The spotlight now falls on a new parliamentary inquisition. This week it has called Coulson to testify, along with Les Hinton, who ran Murdoch’s newspapers in London—now his big cheese at The Wall Street Journal—who originally told parliament it was all the work of a couple of rogues. All of London is waiting for this show trial but don’t hold your breath—British parliamentary committees have neither the power nor the skills of congressional committees.
Wade has led the Murdoch counterattack, claiming that the Guardian has not been able to prove that illegality was widespread and insisting that it was all the work of a few bad apples. The Guardian has yet to prove that the problem was endemic. But if it wasn’t, why did the Murdoch papers pay so much to keep the information in its out-of-court settlement secret?
In America, such a story would create a crisis for journalism. In Britain, nobody seems to care very much. The weekend papers gave it little coverage, perhaps because they’ve all used PIs, with varying degrees of justification.
But the media might not be the final arbiter on its own behavior. The famous names who think they’ve had their privacy violated are being encouraged to bring what in America would be called a class-action suit against the Murdoch papers. In Britain it’s known as a consolidated claim and it could unseal what Murdoch has paid $1.6m to bury. It could result in a multimillion dollar lawsuit, which even Murdoch could struggle to afford.
Andrew Neil is a publisher and broadcaster working out of London, New York, Dubai, and the south of France. He is chairman and editor in chief of Press Holdings Media Group, publishers of The Spectator, Spectator Business, and Apollo.









Great account. Shocks enough in the original Guardian scoop, but to read Neil's report on how the rest of the British press reacted is grim. Bear in mind Murdoch owns much of the British press - forget the total circulation he (and now she) controls but it's a lot.

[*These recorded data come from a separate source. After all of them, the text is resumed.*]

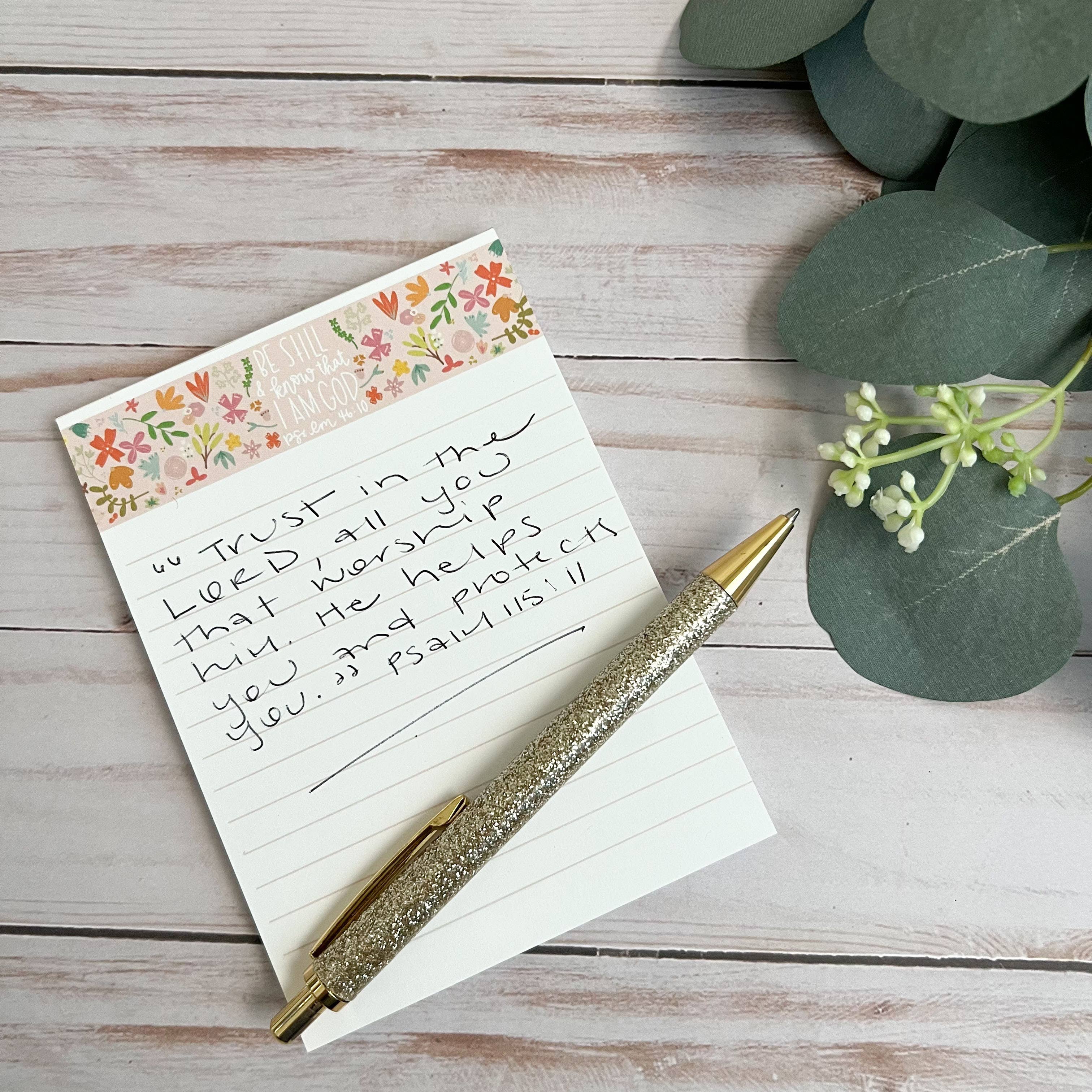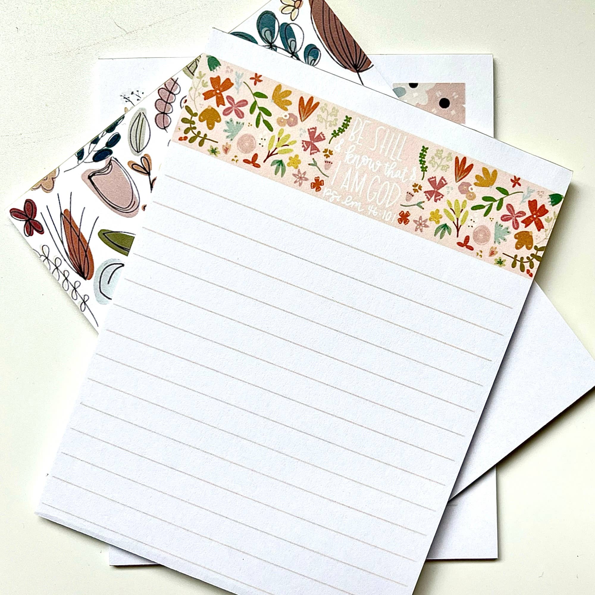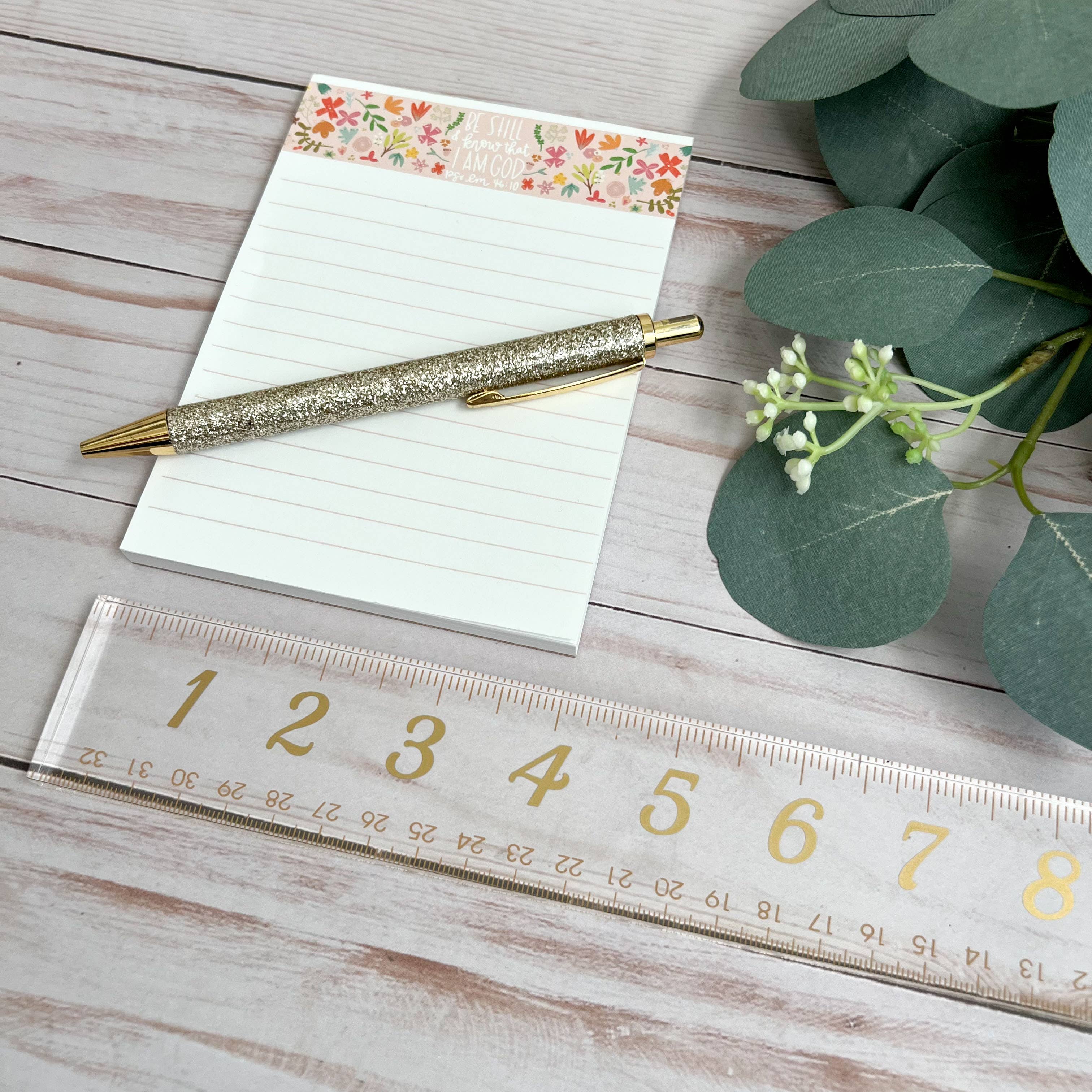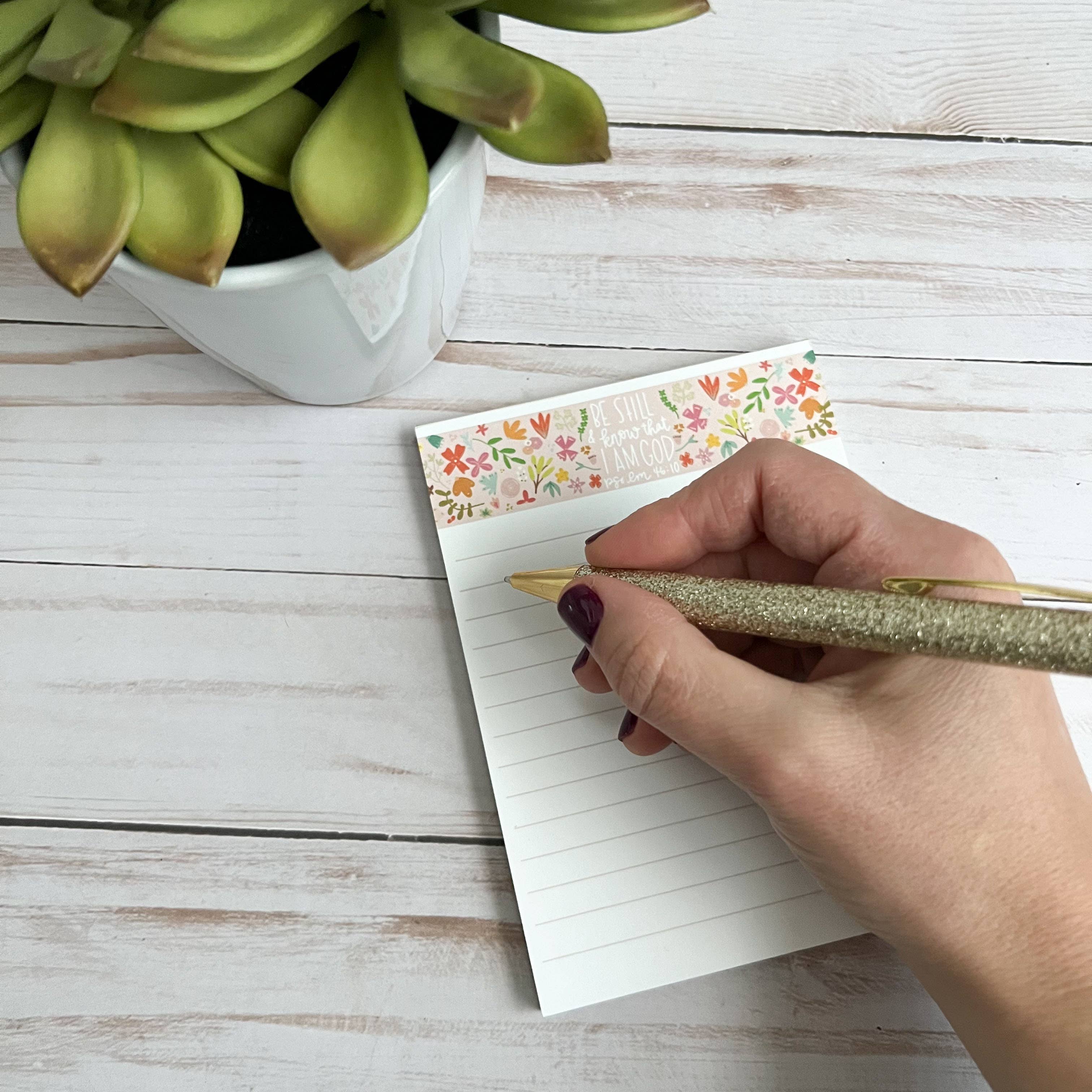 Notepads are all over my house as constant reminders for my to do list, so I decided I needed to at least make them look pretty. And this cutie has a good reminder that I need to see throughout the day - Be still and know that I am God from Psalm 46:101. Size (inches): 4.5 x 5.5 Notepad details - 50 tear off sheets.
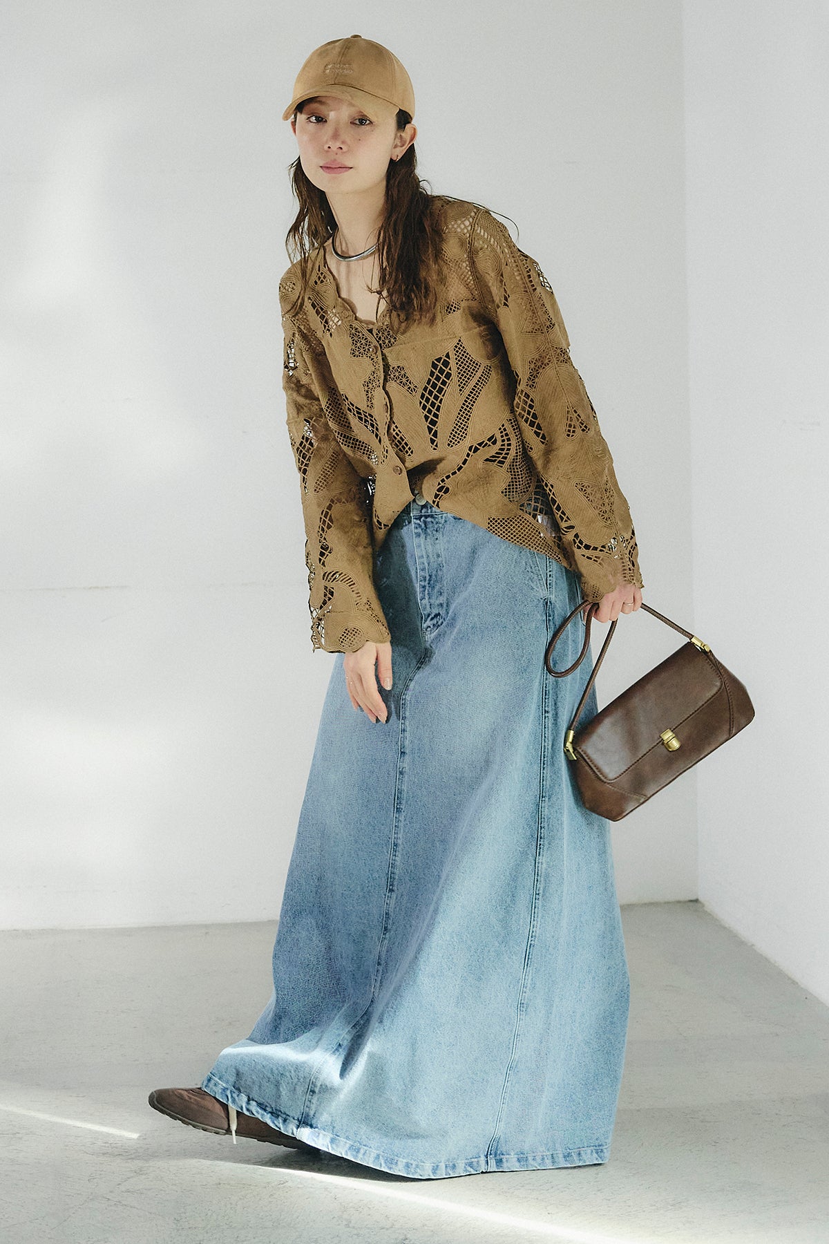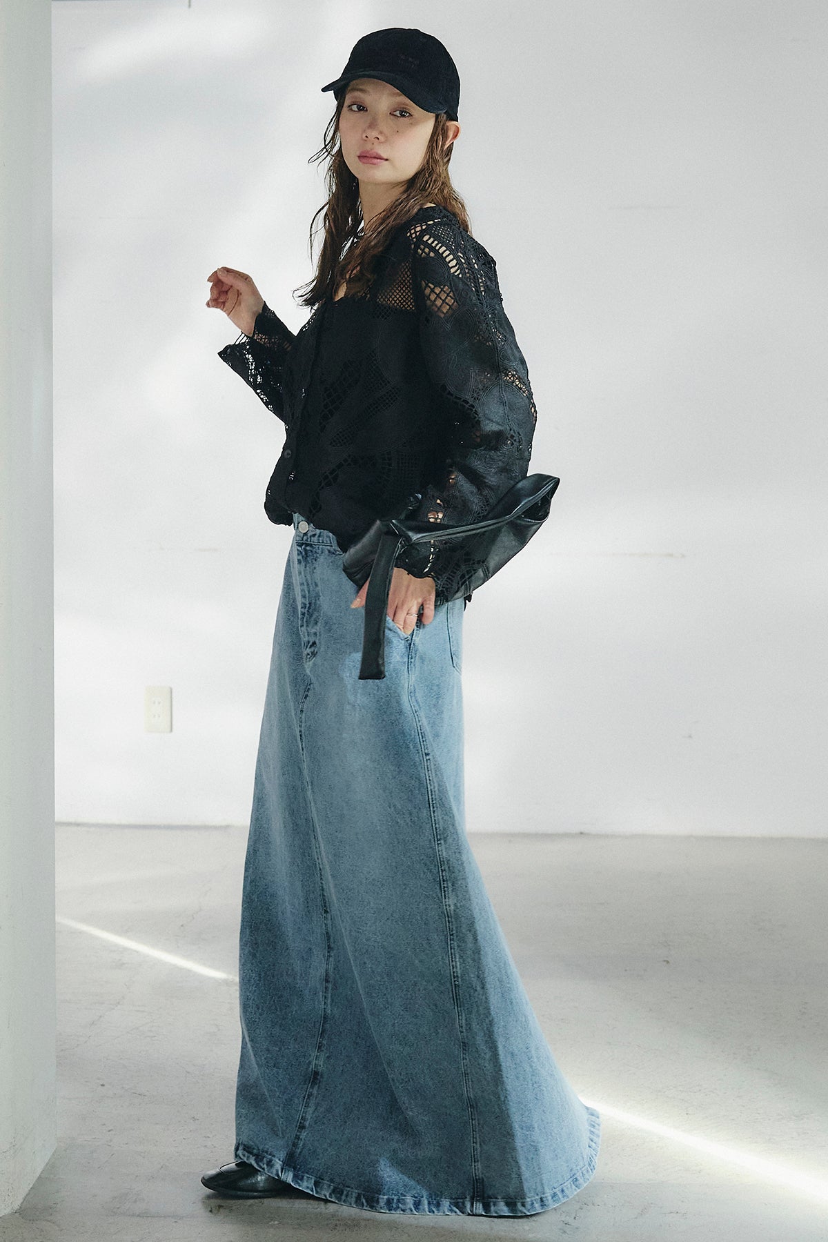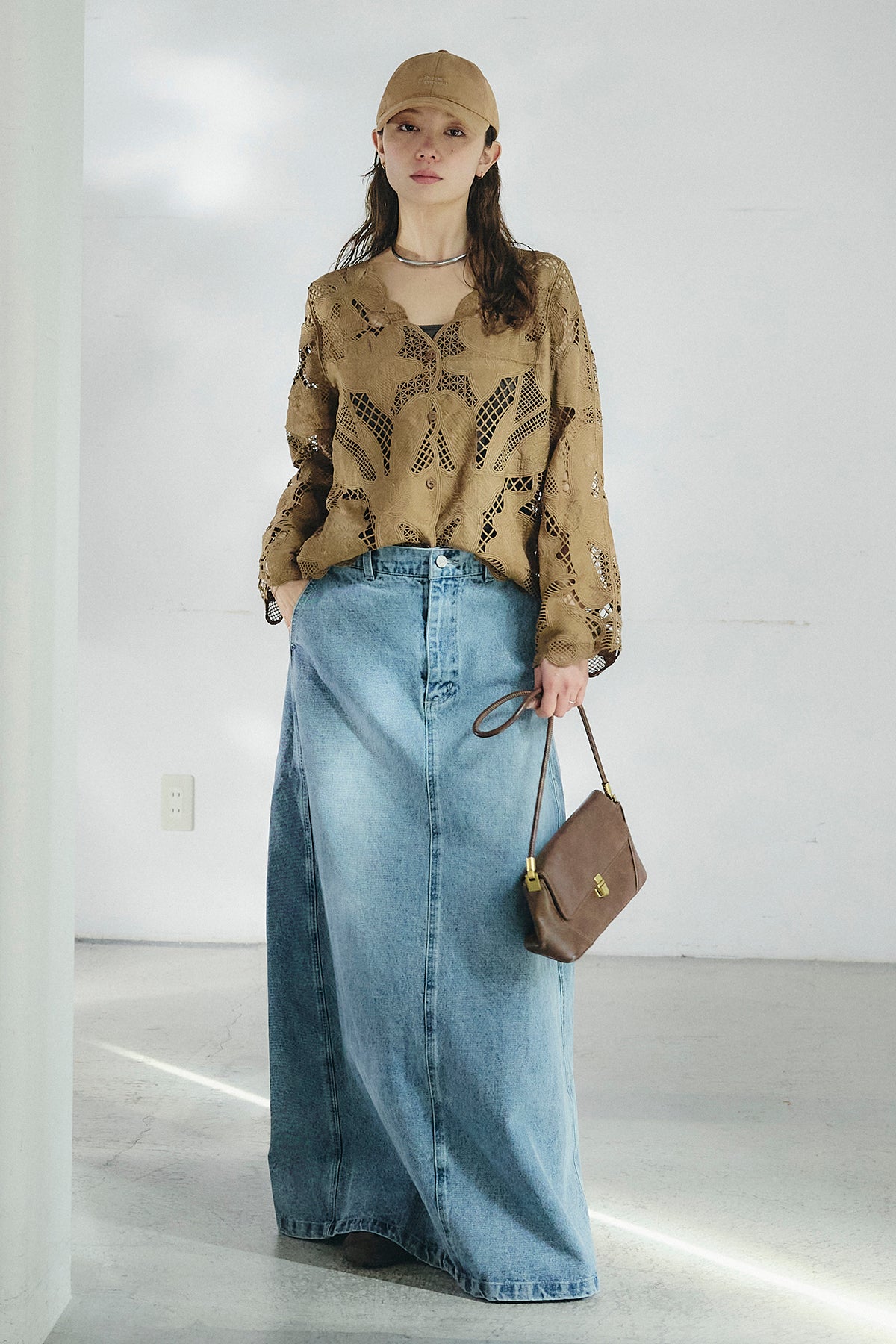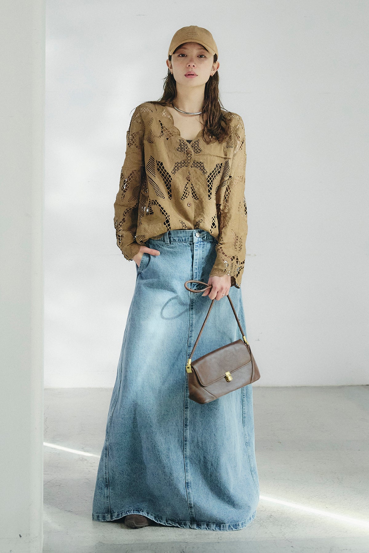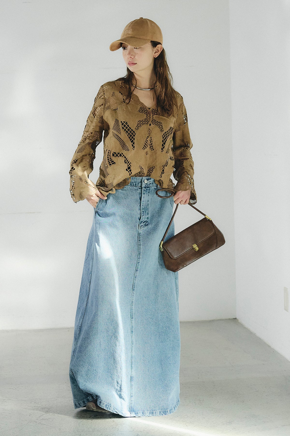 [SET]フラワー刺繍レースブラウス+デニムロングフレアスカート(2set)
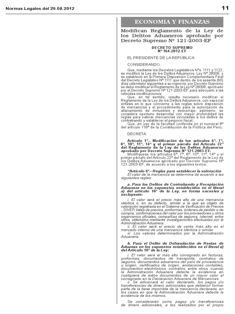 Reglamento de la Ley de los Delitos Aduaneros El presente Decreto Supremo ser refrendado por el
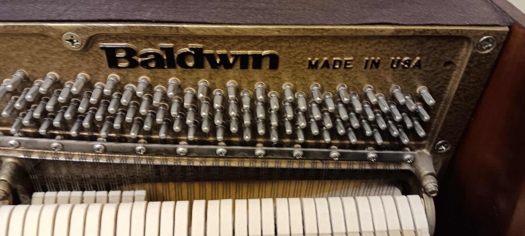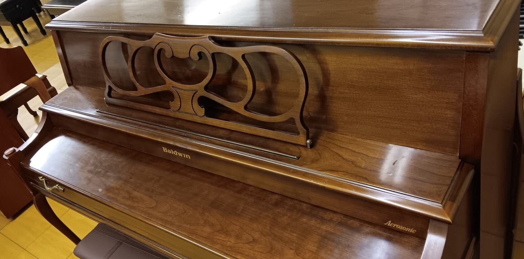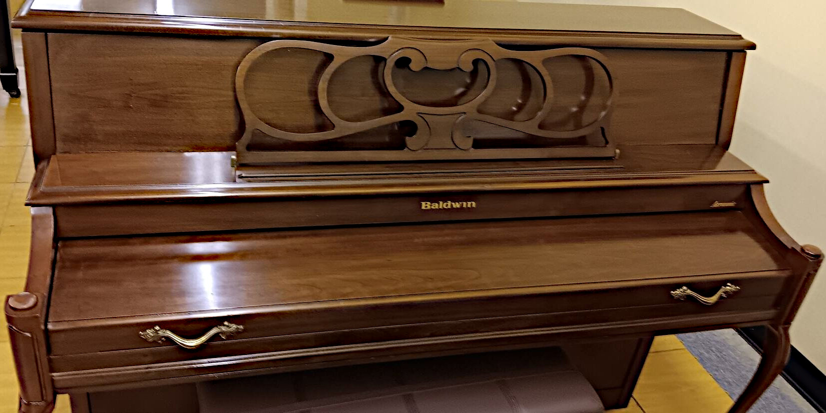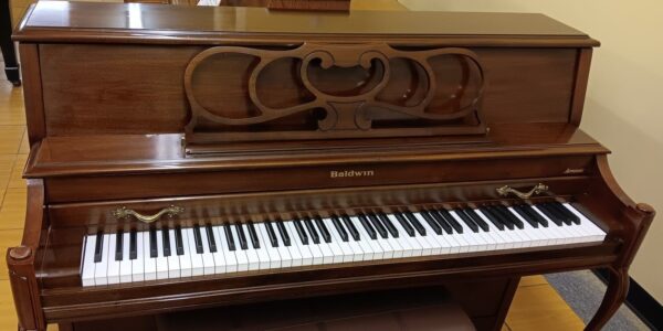 The Baldwin 2076 model is a USA-made Baldwin and features a lovely cherry-wood French Provincial style cabinet. The cabinet features a grand-style lid prop, graceful legs, and an elegant music rack – all making for a perfect addition to your home. This Baldwin is a top-of-the-line model with a solid spruce soundboard, full-blow action for responsive key movement and a 19-ply hard rock maple pin-block for reliable tuning stability. This instrument has been inspected, detailed and tuned by our professional staff and it is in excellent condition. It comes complete with a matching bench and a 2 year guarantee on parts and labor.

This article details just the tip of the iceberg of the danger of Rupert Murdoch's media conglomerate. European countries are far more interested in defamation than the united states so they have afar more developed and restrictive legal framework for publishers; on the other hand we in the united states have greater interests in personal privacy therefore we have a complex multi tiered legal framework related to eavedroping and wiretapping; felonies under both federal and state law with also penalties in civil court for victims. however Mr Murdochs now has been given leave of our government to operate out of compliance relating to trust and monopoly law and since that event they have added ownership of other more important media outlets such as dow jones/ wall street journal. They have staffed these media outlets with nutball right wingers and totally slant the news . Time to enforce our laws and force them to divest both news papers and television outlets.
Isn't it incredible that no one ever knows anything when something goes wrong? For me, the question is not whether Andy Coulson was involved or not in the phone-tapping scandal, but that as editor of a newspaper he SHOULD have known what his journalists were up to. Likewise, where were the financial controls that allowed money to be paid to a long list of investigators? Are we also to assume that all the journalists involved were acting alone and just happened to share private eyes?